Task to carry out
Repeat the listing verbatim. Drop any pictures.

Information provided
-----

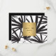 Coordinates with the Elegant Black Palm Fronds with Gold Name Notecard Template by 1201AM. Graphic black palm fronds set against a white background create an eye-catching and bold visual motif on this modern event Save the Date card. © 1201AM CREATIVE
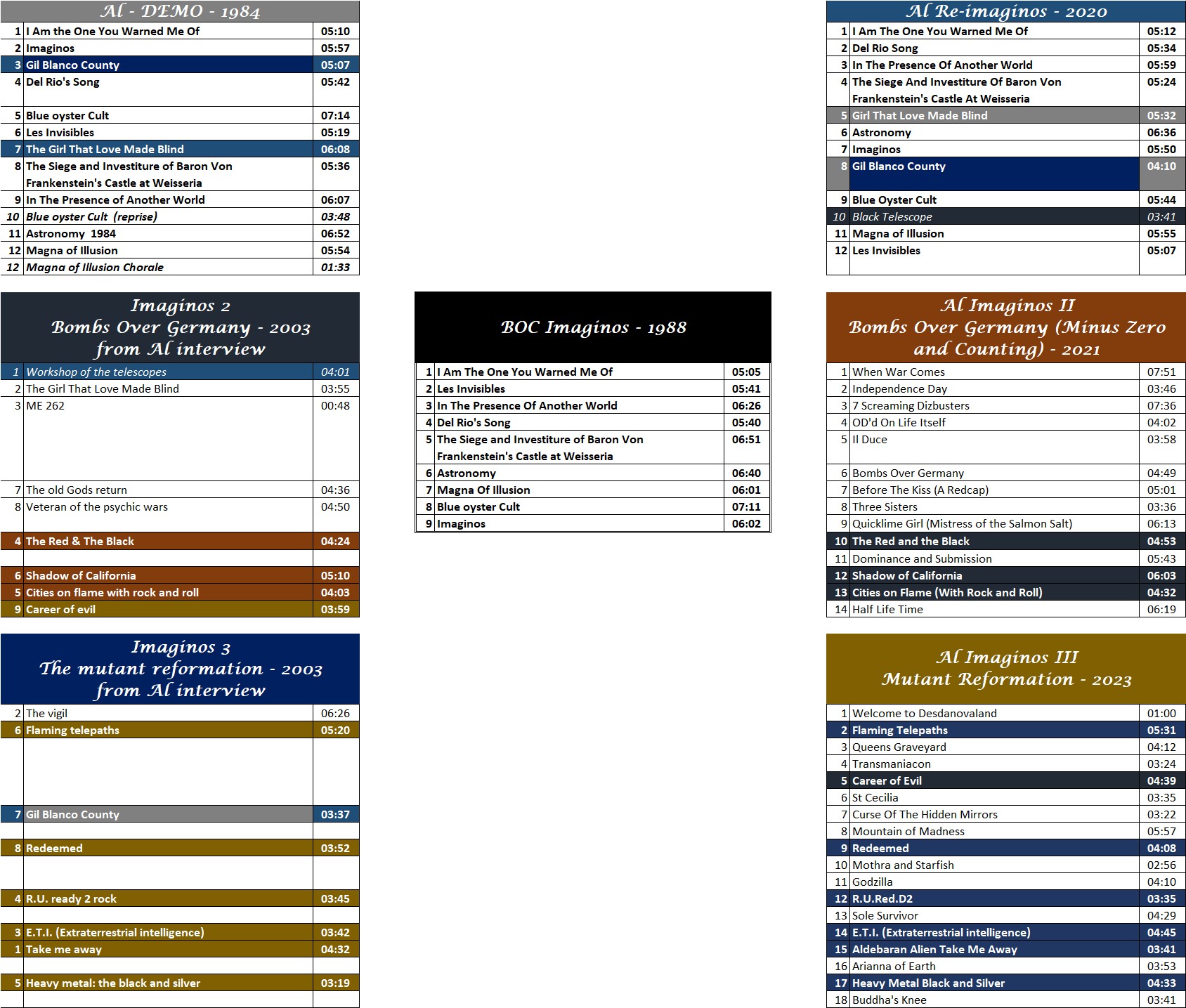 County", "The Girl That Love Made Blind", "Blue Oyster Cult Reprise",
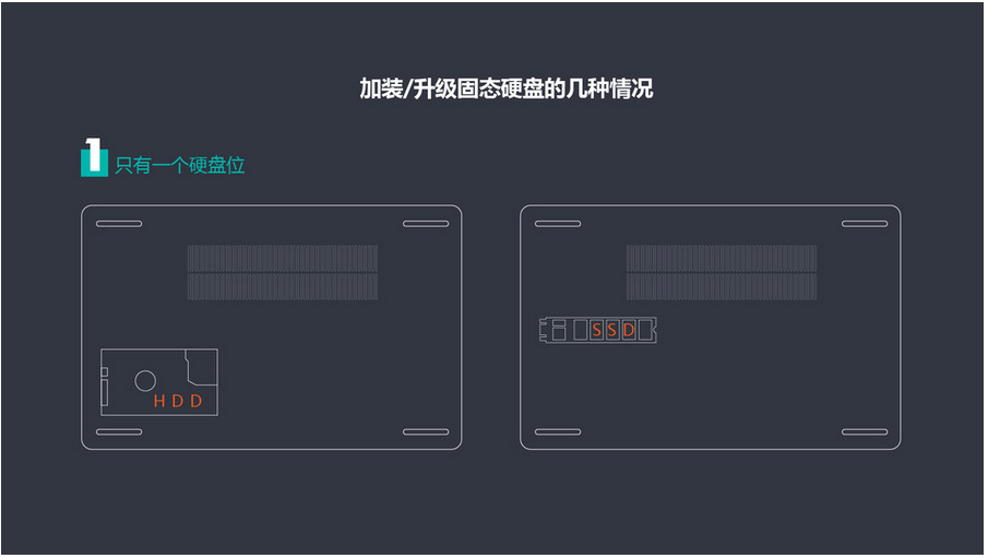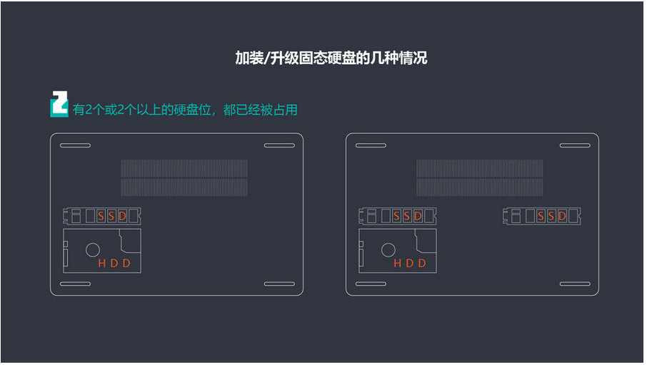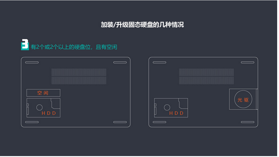 第三种情况,笔记本有2个或2个以上的硬盘位,且有空闲的插槽。比如一些产品虽然只标配了一个机械硬盘,但是预留了M.2固态硬盘位,我们可以直接加装,包括一些老的笔记本虽然没有固态硬盘位,但是有光驱,我们可以将光驱拆除,在光驱位加装固态硬盘位。

-----

Solution to this task
 Coordinates with the Elegant Black Palm Fronds with Gold Name Notecard Template by 1201AM. Graphic black palm fronds set against a white background create an eye-catching and bold visual motif on this modern event Save the Date card. © 1201AM CREATIVE
 County", "The Girl That Love Made Blind", "Blue Oyster Cult Reprise",
 第三种情况,笔记本有2个或2个以上的硬盘位,且有空闲的插槽。比如一些产品虽然只标配了一个机械硬盘,但是预留了M.2固态硬盘位,我们可以直接加装,包括一些老的笔记本虽然没有固态硬盘位,但是有光驱,我们可以将光驱拆除,在光驱位加装固态硬盘位。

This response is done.